[EXERCISE DATA Boundary: Start]

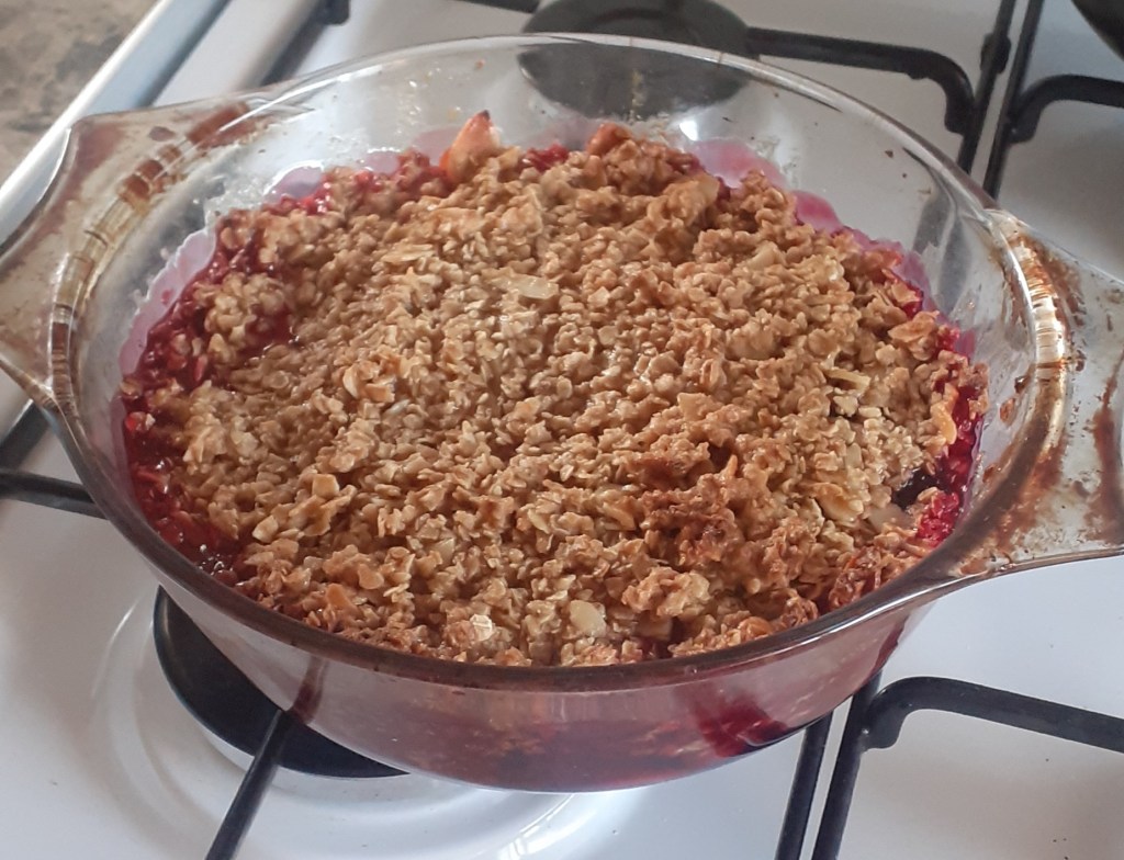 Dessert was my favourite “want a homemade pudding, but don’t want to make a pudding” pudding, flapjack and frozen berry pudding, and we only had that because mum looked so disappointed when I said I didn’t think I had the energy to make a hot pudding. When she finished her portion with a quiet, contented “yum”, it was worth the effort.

[EXERCISE DATA Boundary: End]
[EXERCISE DATA Boundary: Start]

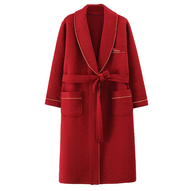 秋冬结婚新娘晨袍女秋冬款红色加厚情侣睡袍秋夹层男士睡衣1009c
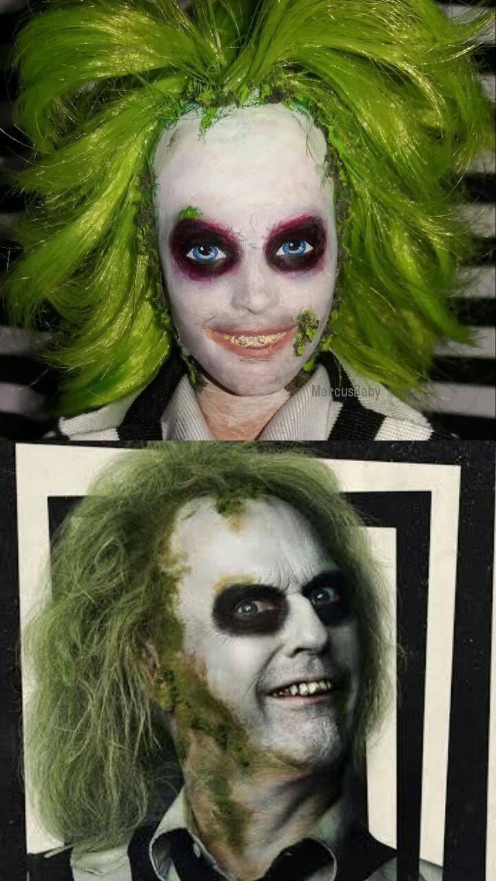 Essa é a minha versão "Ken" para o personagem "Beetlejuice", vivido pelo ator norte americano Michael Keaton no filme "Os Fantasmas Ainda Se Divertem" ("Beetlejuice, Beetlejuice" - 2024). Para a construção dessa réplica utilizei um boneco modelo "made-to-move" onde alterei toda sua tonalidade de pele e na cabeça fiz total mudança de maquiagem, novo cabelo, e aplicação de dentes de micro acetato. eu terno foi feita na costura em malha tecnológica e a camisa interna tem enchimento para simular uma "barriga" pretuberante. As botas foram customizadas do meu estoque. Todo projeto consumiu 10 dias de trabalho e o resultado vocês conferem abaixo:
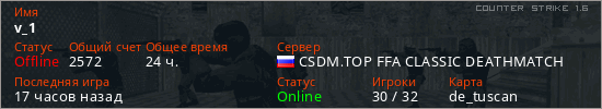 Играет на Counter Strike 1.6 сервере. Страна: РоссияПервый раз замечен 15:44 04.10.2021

[EXERCISE DATA Boundary: End]
[EXERCISE DATA Boundary: Start]

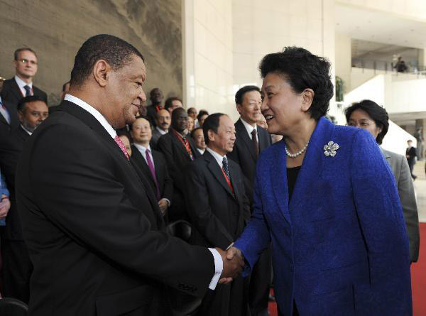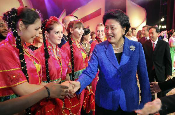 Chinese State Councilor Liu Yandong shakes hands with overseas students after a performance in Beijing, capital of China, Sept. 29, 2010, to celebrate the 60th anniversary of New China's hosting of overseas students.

[EXERCISE DATA Boundary: End]

WHAT IS NEEDED: Quote word for word only the lines above from the one containing "Essa é a minha" through the one containing "Играет на Counter". Pictures stay out of your copy.

REPLY TO THE EXERCISE:
 Essa é a minha versão "Ken" para o personagem "Beetlejuice", vivido pelo ator norte americano Michael Keaton no filme "Os Fantasmas Ainda Se Divertem" ("Beetlejuice, Beetlejuice" - 2024). Para a construção dessa réplica utilizei um boneco modelo "made-to-move" onde alterei toda sua tonalidade de pele e na cabeça fiz total mudança de maquiagem, novo cabelo, e aplicação de dentes de micro acetato. eu terno foi feita na costura em malha tecnológica e a camisa interna tem enchimento para simular uma "barriga" pretuberante. As botas foram customizadas do meu estoque. Todo projeto consumiu 10 dias de trabalho e o resultado vocês conferem abaixo:
 Играет на Counter Strike 1.6 сервере. Страна: РоссияПервый раз замечен 15:44 04.10.2021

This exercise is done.